Does this sound workable? Does anyone have any suggestions for what to use for relay/transformer/battery components?
This will be my first attempt to make an IoT device, so please forgive me if this seems all obvious. Electronic circuitry is not a field I’ve gotten into before.
Does anyone know what the power draw is for the ESP2866 so I can work out how long it will be able to run on battery? It might need to go for a significant time period to stay alive over summer!
I’m not a lawyer.
That said, I would suggest some serious consideration of the possibility that making alterations to the control unit for a gas appliance would be against a few regulations and impact the validity of any insurance policy that the owner has on the property.
There is a reason why installers have to issue certificates of electrical safety for such work.
If the owner is willing to consider a controller with RF / IR functionality. it increases your options.
I use a couple of RF-controlled power sockets to turn my AC on and off. OpenMQTTGateway lets me send RF codes from a Wemos D1 Mini via MQTT. But nothing custom-made is every wired to the appliances.

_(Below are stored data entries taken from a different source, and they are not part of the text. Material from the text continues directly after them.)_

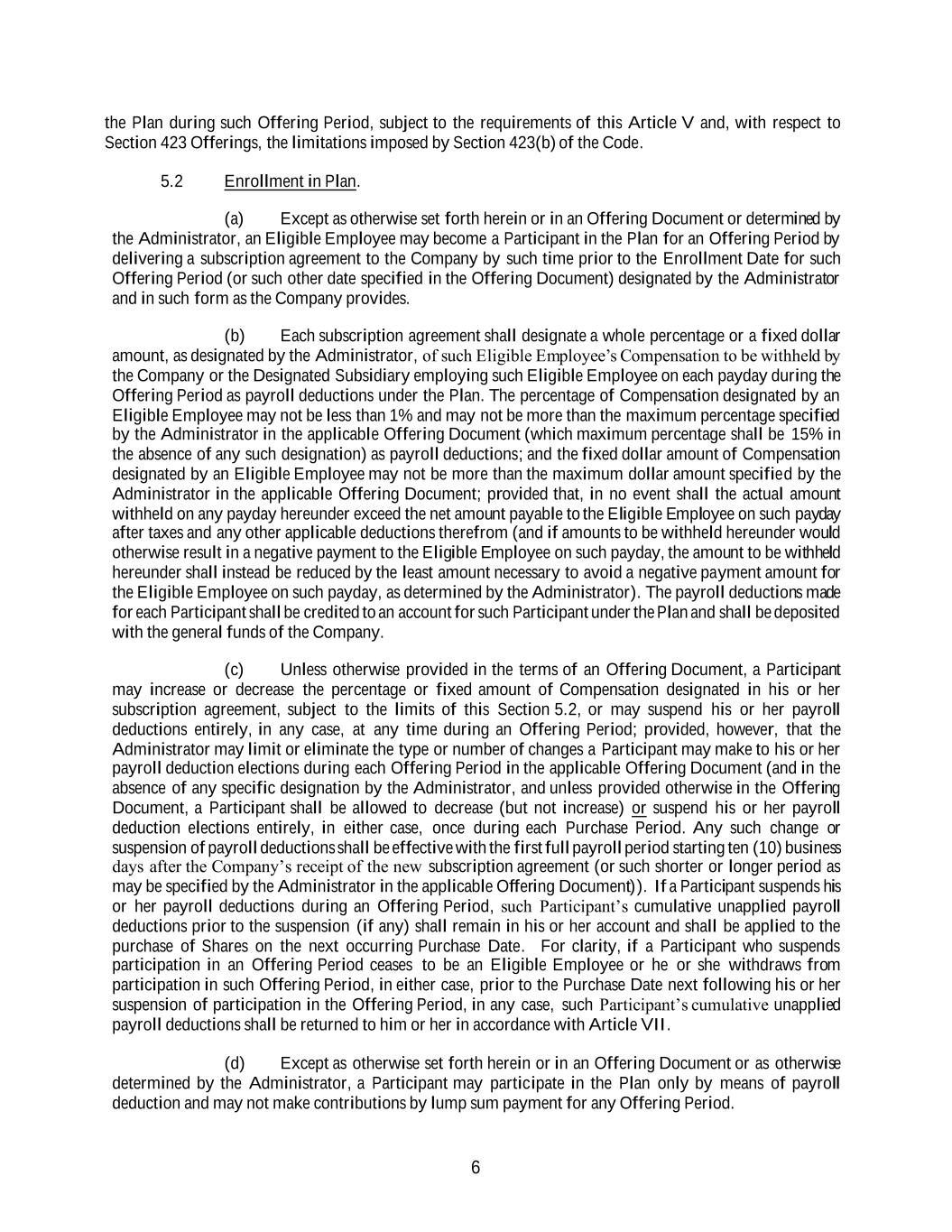 6 the Plan during such Offering Period, subject to the requirements of this Article V and, with respect to Section 423 Offerings, the limitations imposed by Section 423(b) of the Code. 5.2 Enrollment in Plan. (a) Except as otherwise set forth herein or in an Offering Document or determined by the Administrator, an Eligible Employee may become a Participant in the Plan for an Offering Period by delivering a subscription agreement to the Company by such time prior to the Enrollment Date for such Offering Period (or such other date specified in the Offering Document) designated by the Administrator and in such form as the Company provides. (b) Each subscription agreement shall designate a whole percentage or a fixed dollar amount, as designated by the Administrator, of such Eligible Employee’s Compensation to be withheld by the Company or the Designated Subsidiary employing such Eligible Employee on each payday during the Offering Period as payroll deductions under the Plan. The percentage of Compensation designated by an Eligible Employee may not be less than 1% and may not be more than the maximum percentage specified by the Administrator in the applicable Offering Document (which maximum percentage shall be 15% in the absence of any such designation) as payroll deductions; and the fixed dollar amount of Compensation designated by an Eligible Employee may not be more than the maximum dollar amount specified by the Administrator in the applicable Offering Document; provided that, in no event shall the actual amount withheld on any payday hereunder exceed the net amount payable to the Eligible Employee on such payday after taxes and any other applicable deductions therefrom (and if amounts to be withheld hereunder would otherwise result in a negative payment to the Eligible Employee on such payday, the amount to be withheld hereunder shall instead be reduced by the least amount necessary to avoid a negative payment amount for the Eligible Employee on such payday, as determined by the Administrator). The payroll deductions made for each Participant shall be credited to an account for such Participant under the Plan and shall be deposited with the general funds of the Company. (c) Unless otherwise provided in the terms of an Offering Document, a Participant may increase or decrease the percentage or fixed amount of Compensation designated in his or her subscription agreement, subject to the limits of this Section 5.2, or may suspend his or her payroll deductions entirely, in any case, at any time during an Offering Period; provided, however, that the Administrator may limit or eliminate the type or number of changes a Participant may make to his or her payroll deduction elections during each Offering Period in the applicable Offering Document (and in the absence of any specific designation by the Administrator, and unless provided otherwise in the Offering Document, a Participant shall be allowed to decrease (but not increase) or suspend his or her payroll deduction elections entirely, in either case, once during each Purchase Period. Any such change or suspension of payroll deductions shall be effective with the first full payroll period starting ten (10) business days after the Company’s receipt of the new subscription agreement (or such shorter or longer period as may be specified by the Administrator in the applicable Offering Document)). If a Participant suspends his or her payroll deductions during an Offering Period, such Participant’s cumulative unapplied payroll deductions prior to the suspension (if any) shall remain in his or her account and shall be applied to the purchase of Shares on the next occurring Purchase Date. For clarity, if a Participant who suspends participation in an Offering Period ceases to be an Eligible Employee or he or she withdraws from participation in such Offering Period, in either case, prior to the Purchase Date next following his or her suspension of participation in the Offering Period, in any case, such Participant’s cumulative unapplied payroll deductions shall be returned to him or her in accordance with Article VII. (d) Except as otherwise set forth herein or in an Offering Document or as otherwise determined by the Administrator, a Participant may participate in the Plan only by means of payroll deduction and may not make contributions by lump sum payment for any Offering Period.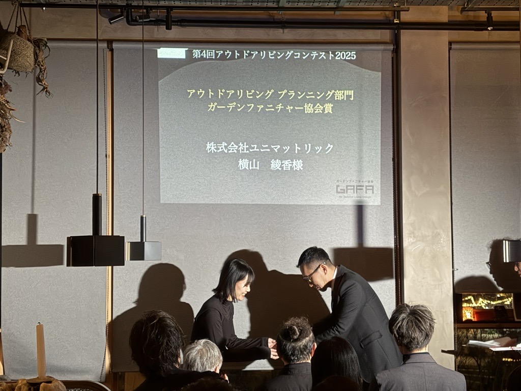 2026年2月4日に開催されたガーデンファニチャー協会(GAFA)主催「アウトドアリビングデザインコンテスト2025」の表彰式において、当社 株式会社ユニマットリック セールスグループ デザインサービスユニット チーフ 横山綾香 が、プランニング部門 ガーデンファニチャー協会賞 を受賞しました。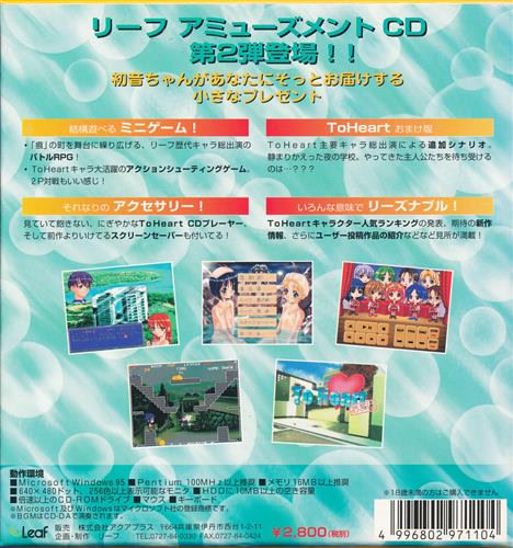 '하츠네의 내정(Hatsune no Naishou)'은 Leaf 팬이라면 절대 놓쳐서는 안 될 Leaf의 미니 게임 모음집입니다. 이 CD에는 미니 게임, 화면 보호기, 배경화면, CD 플레이어를 포함한 여러 가지 귀여운 미니 소프트웨어가 담겨 있습니다. CD에 수록된 미니 게임으로는 'To Heart' 캐릭터들이 등장하는 미니 액션 게임 'Heart By Heart', 미니 RPG 게임 'Leaf Fighting 97', 'To Heart 오마케', 그리고 물론 어드벤처 게임인 '하츠네의 내정'이 있습니다.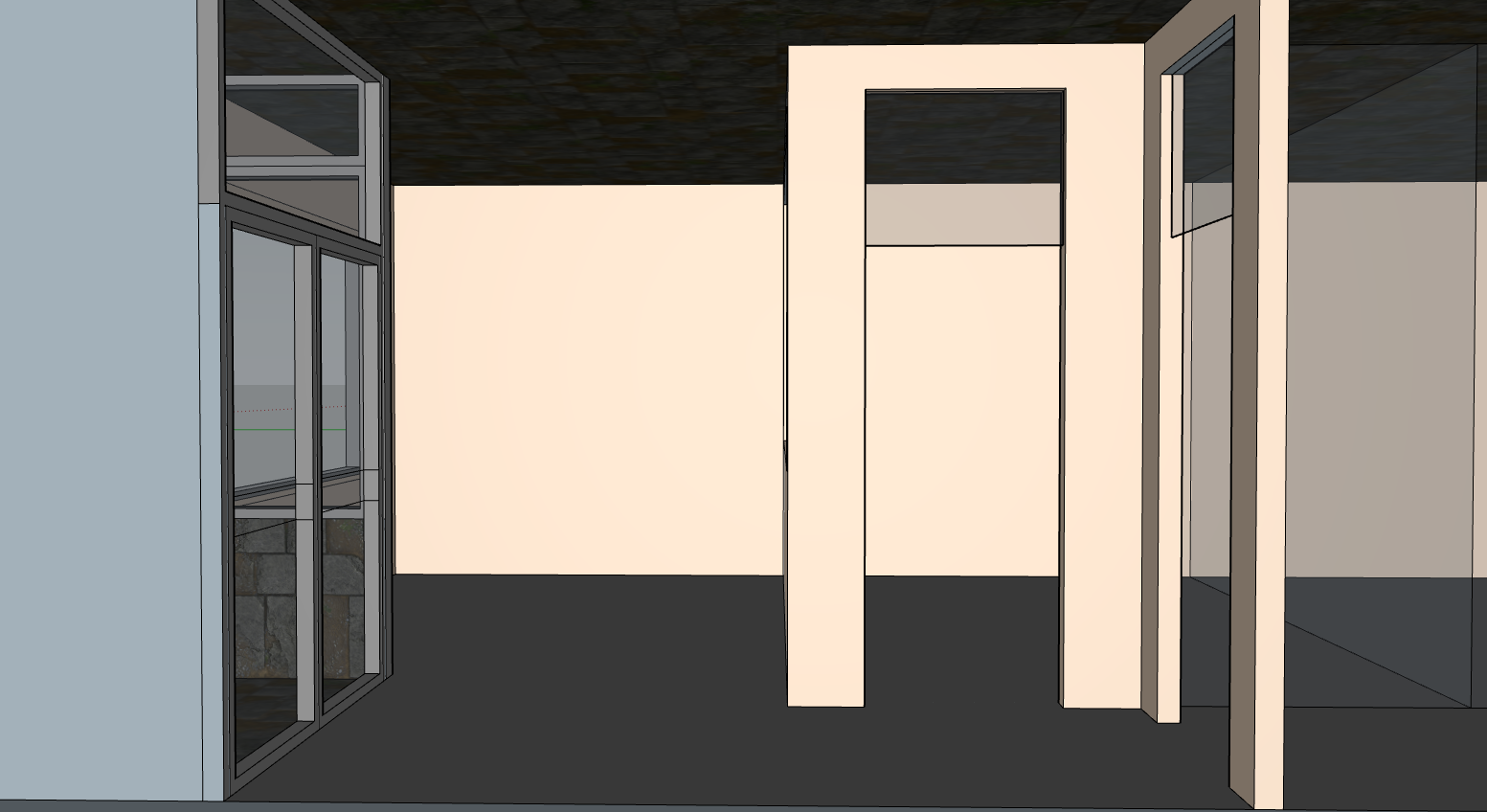 sofa to the left hand room office table to the right hand side room glass doors

I’m not touching the actual gas appliance itself, just the thermostat, which is only connected to the gas appliance by two wires. If there’s a circuit, the heating is on. If there isn’t, the heating is off.
But I have to say, if anyone knows of a tasmotizale ready-made drop-in thermostat, that would be much easier!
The thermostat / control unit is part of the appliance. You are replacing a component of the appliance. It may be a cheap component. It may have limited functionality. But it is still a part of the whole. It may be possible to argue a grey area when installing a new control panel yourself. But the DIY nature of your replacement component is well outside of the regulations.
Even if you were using an approved component, the simple fact that the “two wires” disappear into the wall can be enough to require a licensed installer.
Have to admit, discovering that it’s an AC circuit rather than DC, and seeing a video where an almost identical thermostat is replaced by a Nest, which gets its power from the two wires, has me reconsidering the project. I thought I understood how it worked, but it seems more complex. I might have to put up with one of the cloud based wifi thermostats.
Michael’s on the right track with highlighting the potential legal and safety issues. There are a lot of potential traps here. For your first IoT project this is probably too far in the deep end.
I’d recommend staying well away from mains voltage electrical engineering, and sticking with commercial AC-DC switch mode supplies so you can work with safe voltages and power levels.